• _WHAT THIS TASK INVOLVES_:
Below are some records; quote exactly the lines from the one that contains "2、點(diǎn)擊【新增合" through the one that contains "भारतीय जनता युवा", inclusive, and no others.

• _PROVIDED RECORDS_:
%%
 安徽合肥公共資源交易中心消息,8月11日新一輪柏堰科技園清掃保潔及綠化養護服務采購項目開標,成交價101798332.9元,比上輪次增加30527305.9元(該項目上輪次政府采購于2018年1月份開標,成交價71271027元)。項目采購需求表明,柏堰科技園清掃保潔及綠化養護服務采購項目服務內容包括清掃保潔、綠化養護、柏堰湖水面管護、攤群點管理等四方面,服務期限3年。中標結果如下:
%%
%%
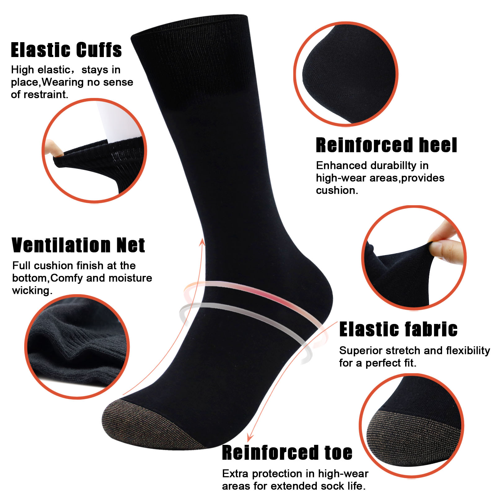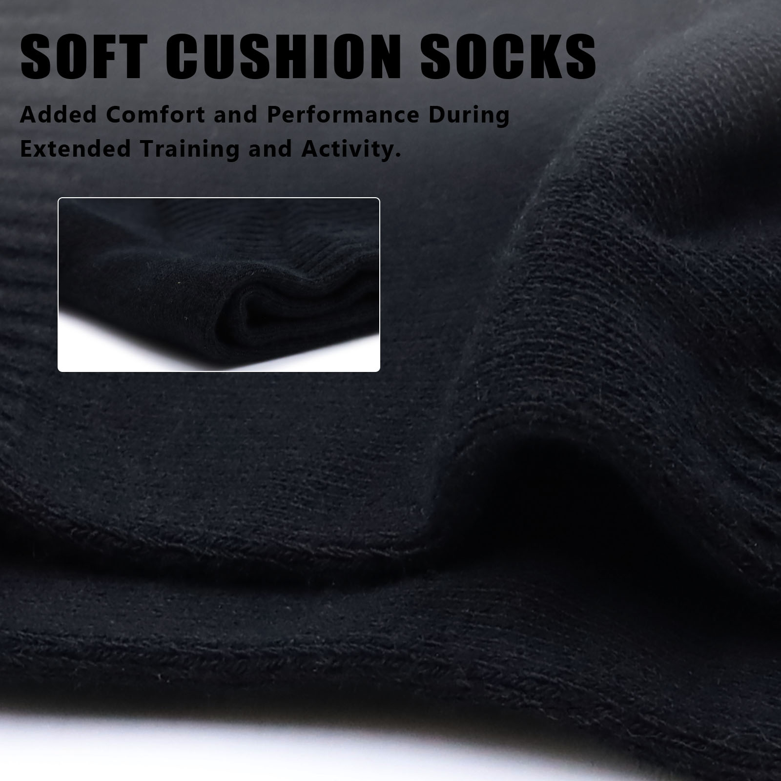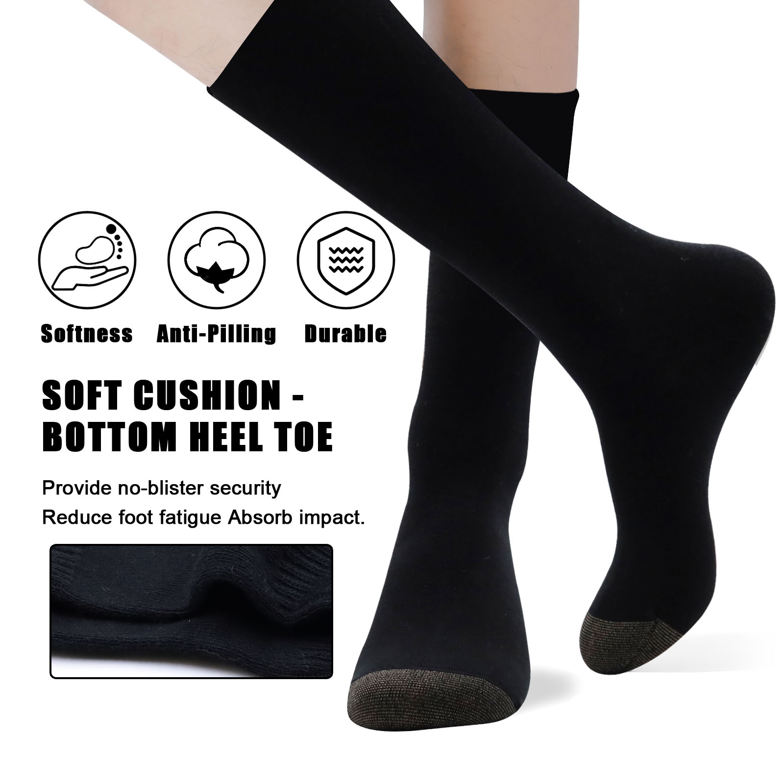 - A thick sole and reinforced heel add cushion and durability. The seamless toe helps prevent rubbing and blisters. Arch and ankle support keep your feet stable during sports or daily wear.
%%
%%
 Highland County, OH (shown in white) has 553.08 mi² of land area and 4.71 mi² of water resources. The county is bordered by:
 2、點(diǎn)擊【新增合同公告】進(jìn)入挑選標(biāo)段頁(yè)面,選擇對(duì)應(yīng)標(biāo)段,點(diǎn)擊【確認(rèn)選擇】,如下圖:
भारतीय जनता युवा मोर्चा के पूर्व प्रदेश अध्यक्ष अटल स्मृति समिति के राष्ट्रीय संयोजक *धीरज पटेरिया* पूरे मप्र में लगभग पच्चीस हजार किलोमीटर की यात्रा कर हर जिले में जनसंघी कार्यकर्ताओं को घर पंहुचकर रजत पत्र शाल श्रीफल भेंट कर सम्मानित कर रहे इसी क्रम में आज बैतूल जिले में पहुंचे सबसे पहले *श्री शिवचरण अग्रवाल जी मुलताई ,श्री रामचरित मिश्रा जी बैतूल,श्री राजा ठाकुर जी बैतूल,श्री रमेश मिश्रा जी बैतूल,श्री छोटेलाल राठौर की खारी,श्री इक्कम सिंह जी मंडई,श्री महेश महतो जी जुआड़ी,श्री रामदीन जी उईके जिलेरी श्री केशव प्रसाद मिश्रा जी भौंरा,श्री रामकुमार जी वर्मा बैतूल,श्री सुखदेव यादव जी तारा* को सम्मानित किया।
%%
• _WRITTEN SOLUTION_:
 2、點(diǎn)擊【新增合同公告】進(jìn)入挑選標(biāo)段頁(yè)面,選擇對(duì)應(yīng)標(biāo)段,點(diǎn)擊【確認(rèn)選擇】,如下圖:
भारतीय जनता युवा मोर्चा के पूर्व प्रदेश अध्यक्ष अटल स्मृति समिति के राष्ट्रीय संयोजक *धीरज पटेरिया* पूरे मप्र में लगभग पच्चीस हजार किलोमीटर की यात्रा कर हर जिले में जनसंघी कार्यकर्ताओं को घर पंहुचकर रजत पत्र शाल श्रीफल भेंट कर सम्मानित कर रहे इसी क्रम में आज बैतूल जिले में पहुंचे सबसे पहले *श्री शिवचरण अग्रवाल जी मुलताई ,श्री रामचरित मिश्रा जी बैतूल,श्री राजा ठाकुर जी बैतूल,श्री रमेश मिश्रा जी बैतूल,श्री छोटेलाल राठौर की खारी,श्री इक्कम सिंह जी मंडई,श्री महेश महतो जी जुआड़ी,श्री रामदीन जी उईके जिलेरी श्री केशव प्रसाद मिश्रा जी भौंरा,श्री रामकुमार जी वर्मा बैतूल,श्री सुखदेव यादव जी तारा* को सम्मानित किया।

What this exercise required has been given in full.